Lines from the beginning of the material below through the line that has "Администратор, она же" are to be reproduced exactly, but pictures are not.

→ **RAW DATA**:
*****

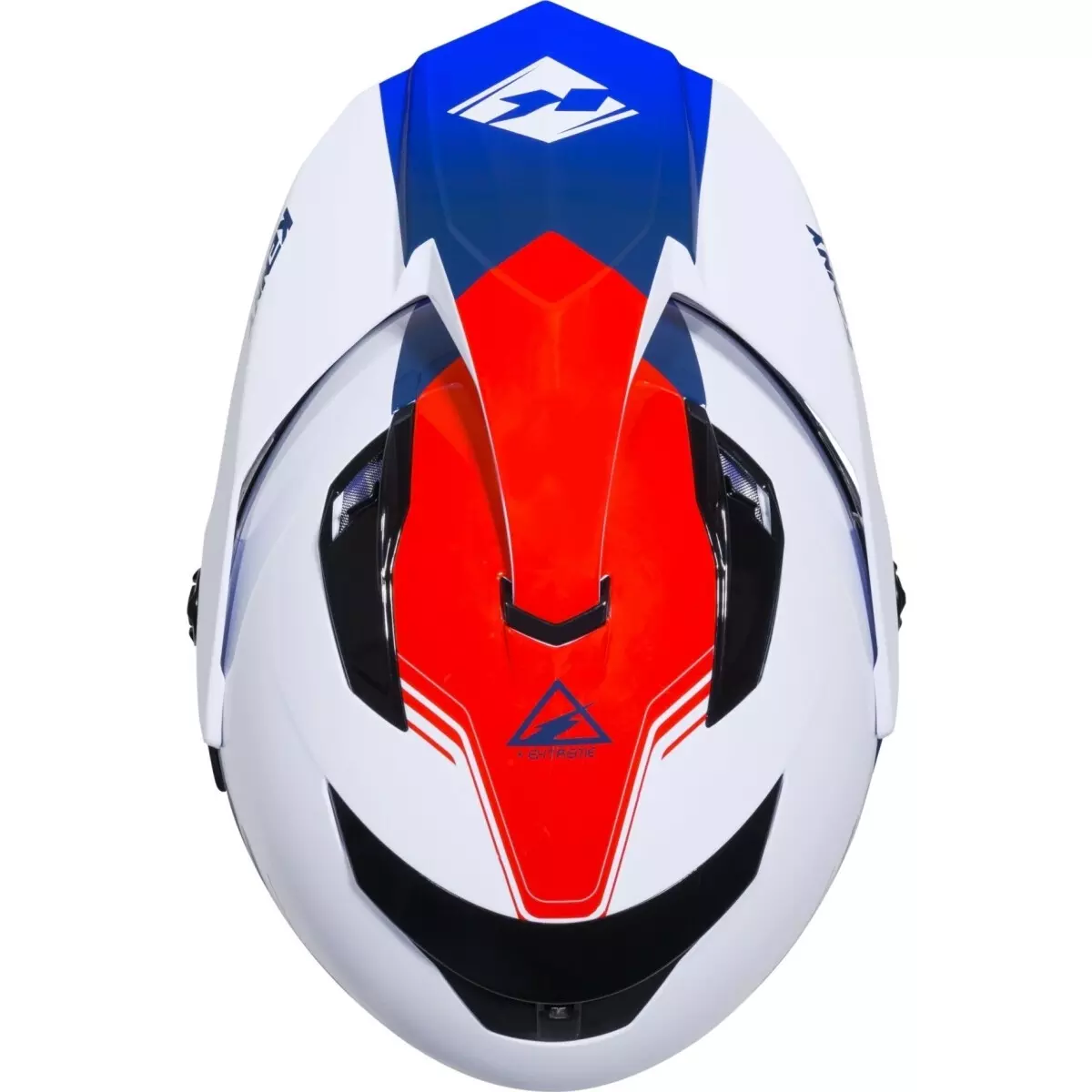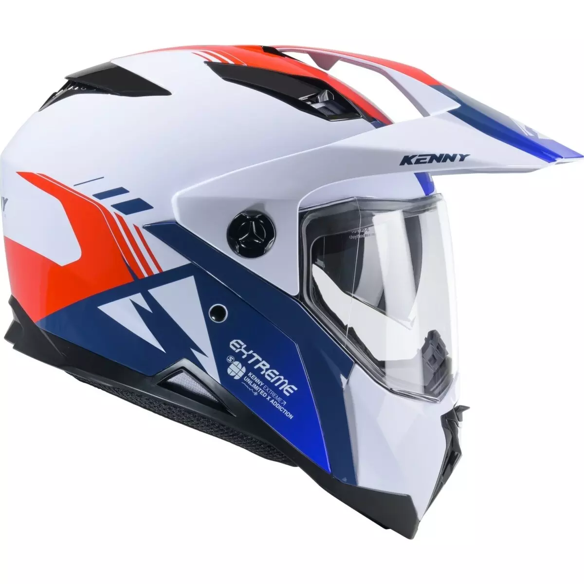 Kenny nous propose son casque intégral, l'Extreme Graphic Patriot en coloris bleu, blanc et rouge brillant.
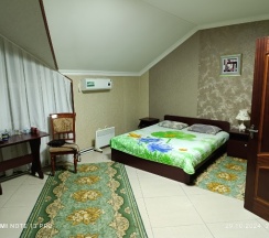 Администратор, она же бухгалтер в одном лице, без проблем заселила меня. Номер был на третьем этаже, с чемоданами, конечно, не очень удобно подниматься, а что делать. Парковка не особо охраняемая, вроде как, под камерами - вся территория за забором. Вечером много приезжает людей в кафе, и припарковаться может быть и негде. Лишь позже место появляется. Номер довольно чистый, уютный. Оснащен холодильником, кондиционером. Всё бы хорошо, но большая проблема с водой. Так понимаю, в Дальнереченске, в принципе, проблема с горячей водой - жил в другом отеле, и там тоже водонагреватель стоит. Здесь установлен водонагреватель, но он слабенький - душ принять теплый сложновато. Если поднимать лейку на уровень головы, горячая вода прекращает поступать. На уровне метр над полом более-менее льется. Не слишком сильно. А так - вполне прилично всё.
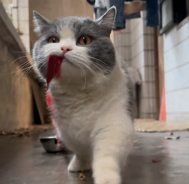 밥그릇을 끌고 집안을 유유히 돌아다니는 이 작은 고양이의 모습은 한 끼 식사를 위해 정말이지 필사적이었습니다.

*****

→ **WRITTEN RESPONSE**:
 Kenny nous propose son casque intégral, l'Extreme Graphic Patriot en coloris bleu, blanc et rouge brillant.
 Администратор, она же бухгалтер в одном лице, без проблем заселила меня. Номер был на третьем этаже, с чемоданами, конечно, не очень удобно подниматься, а что делать. Парковка не особо охраняемая, вроде как, под камерами - вся территория за забором. Вечером много приезжает людей в кафе, и припарковаться может быть и негде. Лишь позже место появляется. Номер довольно чистый, уютный. Оснащен холодильником, кондиционером. Всё бы хорошо, но большая проблема с водой. Так понимаю, в Дальнереченске, в принципе, проблема с горячей водой - жил в другом отеле, и там тоже водонагреватель стоит. Здесь установлен водонагреватель, но он слабенький - душ принять теплый сложновато. Если поднимать лейку на уровень головы, горячая вода прекращает поступать. На уровне метр над полом более-менее льется. Не слишком сильно. А так - вполне прилично всё.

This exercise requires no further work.